▼▼▼

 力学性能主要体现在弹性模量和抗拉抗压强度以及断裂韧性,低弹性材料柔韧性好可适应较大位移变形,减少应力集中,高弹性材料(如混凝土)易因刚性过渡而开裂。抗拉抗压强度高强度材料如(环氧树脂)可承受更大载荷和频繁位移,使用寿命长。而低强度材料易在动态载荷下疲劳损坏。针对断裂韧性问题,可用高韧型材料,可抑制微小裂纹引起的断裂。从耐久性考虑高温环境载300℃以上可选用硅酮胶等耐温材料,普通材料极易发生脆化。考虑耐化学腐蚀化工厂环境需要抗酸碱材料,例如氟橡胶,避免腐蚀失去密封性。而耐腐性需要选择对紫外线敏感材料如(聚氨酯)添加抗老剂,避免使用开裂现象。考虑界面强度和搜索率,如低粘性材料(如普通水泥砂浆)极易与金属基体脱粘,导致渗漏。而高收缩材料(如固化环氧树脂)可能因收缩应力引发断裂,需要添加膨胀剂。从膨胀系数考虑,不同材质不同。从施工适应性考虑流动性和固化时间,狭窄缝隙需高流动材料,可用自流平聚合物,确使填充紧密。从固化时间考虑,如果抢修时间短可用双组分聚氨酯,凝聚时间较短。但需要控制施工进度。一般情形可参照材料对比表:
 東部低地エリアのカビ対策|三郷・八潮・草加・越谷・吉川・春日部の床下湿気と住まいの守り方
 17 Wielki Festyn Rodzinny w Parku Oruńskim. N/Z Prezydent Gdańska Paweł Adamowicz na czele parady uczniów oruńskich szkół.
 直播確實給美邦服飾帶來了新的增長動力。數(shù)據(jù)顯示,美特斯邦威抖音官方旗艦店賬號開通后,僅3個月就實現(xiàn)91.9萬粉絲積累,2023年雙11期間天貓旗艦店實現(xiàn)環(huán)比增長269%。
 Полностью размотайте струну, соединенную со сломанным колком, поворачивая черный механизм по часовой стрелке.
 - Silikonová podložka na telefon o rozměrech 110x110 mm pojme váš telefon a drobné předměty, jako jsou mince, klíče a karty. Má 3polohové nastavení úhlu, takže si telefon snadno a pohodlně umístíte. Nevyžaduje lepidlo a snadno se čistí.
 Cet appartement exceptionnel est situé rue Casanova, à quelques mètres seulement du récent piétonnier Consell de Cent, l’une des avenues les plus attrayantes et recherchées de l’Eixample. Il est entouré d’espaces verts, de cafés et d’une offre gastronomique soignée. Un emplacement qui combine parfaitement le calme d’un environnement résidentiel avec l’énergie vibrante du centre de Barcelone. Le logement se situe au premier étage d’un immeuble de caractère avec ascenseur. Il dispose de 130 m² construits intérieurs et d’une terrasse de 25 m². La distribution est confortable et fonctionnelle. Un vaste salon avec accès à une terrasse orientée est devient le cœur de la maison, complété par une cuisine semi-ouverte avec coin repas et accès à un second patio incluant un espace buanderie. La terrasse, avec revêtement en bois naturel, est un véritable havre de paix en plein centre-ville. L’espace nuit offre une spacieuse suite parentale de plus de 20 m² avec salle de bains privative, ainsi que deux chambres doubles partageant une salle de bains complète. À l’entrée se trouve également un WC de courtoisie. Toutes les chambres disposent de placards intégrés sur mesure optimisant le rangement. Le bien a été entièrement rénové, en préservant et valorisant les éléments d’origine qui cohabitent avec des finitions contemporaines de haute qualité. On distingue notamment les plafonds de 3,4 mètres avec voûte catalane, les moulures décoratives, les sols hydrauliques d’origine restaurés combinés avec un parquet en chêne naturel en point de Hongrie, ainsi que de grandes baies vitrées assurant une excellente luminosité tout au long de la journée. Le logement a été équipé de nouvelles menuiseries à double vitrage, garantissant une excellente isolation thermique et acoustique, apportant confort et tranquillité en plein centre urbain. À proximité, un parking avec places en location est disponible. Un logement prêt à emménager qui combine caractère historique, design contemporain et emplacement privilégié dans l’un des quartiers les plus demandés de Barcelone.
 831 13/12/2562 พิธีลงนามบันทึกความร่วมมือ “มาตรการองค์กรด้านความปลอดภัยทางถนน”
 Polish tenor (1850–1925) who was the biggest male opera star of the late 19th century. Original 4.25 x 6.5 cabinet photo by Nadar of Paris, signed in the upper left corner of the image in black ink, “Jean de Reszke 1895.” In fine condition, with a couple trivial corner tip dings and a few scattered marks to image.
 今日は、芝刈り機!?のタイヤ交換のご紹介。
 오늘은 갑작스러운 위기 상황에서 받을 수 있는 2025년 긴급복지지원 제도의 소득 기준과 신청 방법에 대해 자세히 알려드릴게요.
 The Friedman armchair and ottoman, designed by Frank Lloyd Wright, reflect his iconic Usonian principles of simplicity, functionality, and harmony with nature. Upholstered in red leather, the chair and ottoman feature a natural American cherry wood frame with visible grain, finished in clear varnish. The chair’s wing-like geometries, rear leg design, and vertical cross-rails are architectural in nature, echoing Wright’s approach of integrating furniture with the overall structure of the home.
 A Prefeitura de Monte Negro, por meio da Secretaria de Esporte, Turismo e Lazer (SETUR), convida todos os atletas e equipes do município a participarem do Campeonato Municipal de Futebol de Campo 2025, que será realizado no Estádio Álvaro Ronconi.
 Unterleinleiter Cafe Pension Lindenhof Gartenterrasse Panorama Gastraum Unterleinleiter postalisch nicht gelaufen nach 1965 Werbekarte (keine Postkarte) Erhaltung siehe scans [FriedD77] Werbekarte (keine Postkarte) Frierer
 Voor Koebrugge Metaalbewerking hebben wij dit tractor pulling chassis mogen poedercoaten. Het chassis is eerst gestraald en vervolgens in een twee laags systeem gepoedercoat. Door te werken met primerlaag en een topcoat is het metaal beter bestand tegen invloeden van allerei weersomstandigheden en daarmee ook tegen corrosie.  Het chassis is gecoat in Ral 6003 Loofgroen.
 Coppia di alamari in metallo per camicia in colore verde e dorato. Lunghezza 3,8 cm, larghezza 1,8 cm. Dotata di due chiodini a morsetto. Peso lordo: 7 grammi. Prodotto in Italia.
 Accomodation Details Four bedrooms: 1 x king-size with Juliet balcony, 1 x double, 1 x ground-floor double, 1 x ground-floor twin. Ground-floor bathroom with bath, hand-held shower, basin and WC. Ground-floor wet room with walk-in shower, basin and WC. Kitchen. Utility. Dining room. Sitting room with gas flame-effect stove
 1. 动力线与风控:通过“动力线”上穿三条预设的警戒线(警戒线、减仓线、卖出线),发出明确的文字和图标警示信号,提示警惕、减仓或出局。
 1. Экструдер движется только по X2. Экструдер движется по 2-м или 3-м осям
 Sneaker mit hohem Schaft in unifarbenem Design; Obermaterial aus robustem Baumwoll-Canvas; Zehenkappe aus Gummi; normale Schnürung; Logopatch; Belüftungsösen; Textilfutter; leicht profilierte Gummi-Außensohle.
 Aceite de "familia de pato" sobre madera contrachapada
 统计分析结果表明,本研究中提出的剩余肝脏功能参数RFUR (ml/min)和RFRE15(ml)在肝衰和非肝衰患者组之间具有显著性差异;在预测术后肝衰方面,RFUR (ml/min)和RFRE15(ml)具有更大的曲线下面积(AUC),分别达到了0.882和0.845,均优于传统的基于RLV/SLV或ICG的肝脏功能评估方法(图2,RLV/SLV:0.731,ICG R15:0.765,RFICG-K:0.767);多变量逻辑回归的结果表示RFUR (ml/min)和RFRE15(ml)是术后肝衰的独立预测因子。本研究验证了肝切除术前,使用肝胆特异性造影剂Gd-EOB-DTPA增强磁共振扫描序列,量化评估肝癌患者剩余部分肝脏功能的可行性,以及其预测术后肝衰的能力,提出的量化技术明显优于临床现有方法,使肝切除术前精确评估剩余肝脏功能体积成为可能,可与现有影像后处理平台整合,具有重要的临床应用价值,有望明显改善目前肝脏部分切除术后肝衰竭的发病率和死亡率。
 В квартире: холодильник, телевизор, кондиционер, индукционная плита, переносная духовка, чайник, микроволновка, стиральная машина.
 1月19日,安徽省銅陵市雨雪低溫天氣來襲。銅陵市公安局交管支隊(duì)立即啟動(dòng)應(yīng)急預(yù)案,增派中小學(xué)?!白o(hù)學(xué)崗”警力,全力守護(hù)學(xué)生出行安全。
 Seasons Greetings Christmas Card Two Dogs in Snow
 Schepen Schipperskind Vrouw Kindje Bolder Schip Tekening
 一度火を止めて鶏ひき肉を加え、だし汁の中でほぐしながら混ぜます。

▲▲▲

=== Task requirements ===
When you reach the line holding "Coppia di alamari" in the records above, begin reproducing exactly, stop after the line holding "1月19日,安徽省銅陵市雨雪", and output nothing else.

=== Solution to this task ===
 Coppia di alamari in metallo per camicia in colore verde e dorato. Lunghezza 3,8 cm, larghezza 1,8 cm. Dotata di due chiodini a morsetto. Peso lordo: 7 grammi. Prodotto in Italia.
 Accomodation Details Four bedrooms: 1 x king-size with Juliet balcony, 1 x double, 1 x ground-floor double, 1 x ground-floor twin. Ground-floor bathroom with bath, hand-held shower, basin and WC. Ground-floor wet room with walk-in shower, basin and WC. Kitchen. Utility. Dining room. Sitting room with gas flame-effect stove
 1. 动力线与风控:通过“动力线”上穿三条预设的警戒线(警戒线、减仓线、卖出线),发出明确的文字和图标警示信号,提示警惕、减仓或出局。
 1. Экструдер движется только по X2. Экструдер движется по 2-м или 3-м осям
 Sneaker mit hohem Schaft in unifarbenem Design; Obermaterial aus robustem Baumwoll-Canvas; Zehenkappe aus Gummi; normale Schnürung; Logopatch; Belüftungsösen; Textilfutter; leicht profilierte Gummi-Außensohle.
 Aceite de "familia de pato" sobre madera contrachapada
 统计分析结果表明,本研究中提出的剩余肝脏功能参数RFUR (ml/min)和RFRE15(ml)在肝衰和非肝衰患者组之间具有显著性差异;在预测术后肝衰方面,RFUR (ml/min)和RFRE15(ml)具有更大的曲线下面积(AUC),分别达到了0.882和0.845,均优于传统的基于RLV/SLV或ICG的肝脏功能评估方法(图2,RLV/SLV:0.731,ICG R15:0.765,RFICG-K:0.767);多变量逻辑回归的结果表示RFUR (ml/min)和RFRE15(ml)是术后肝衰的独立预测因子。本研究验证了肝切除术前,使用肝胆特异性造影剂Gd-EOB-DTPA增强磁共振扫描序列,量化评估肝癌患者剩余部分肝脏功能的可行性,以及其预测术后肝衰的能力,提出的量化技术明显优于临床现有方法,使肝切除术前精确评估剩余肝脏功能体积成为可能,可与现有影像后处理平台整合,具有重要的临床应用价值,有望明显改善目前肝脏部分切除术后肝衰竭的发病率和死亡率。
 В квартире: холодильник, телевизор, кондиционер, индукционная плита, переносная духовка, чайник, микроволновка, стиральная машина.
 1月19日,安徽省銅陵市雨雪低溫天氣來襲。銅陵市公安局交管支隊(duì)立即啟動(dòng)應(yīng)急預(yù)案,增派中小學(xué)?!白o(hù)學(xué)崗”警力,全力守護(hù)學(xué)生出行安全。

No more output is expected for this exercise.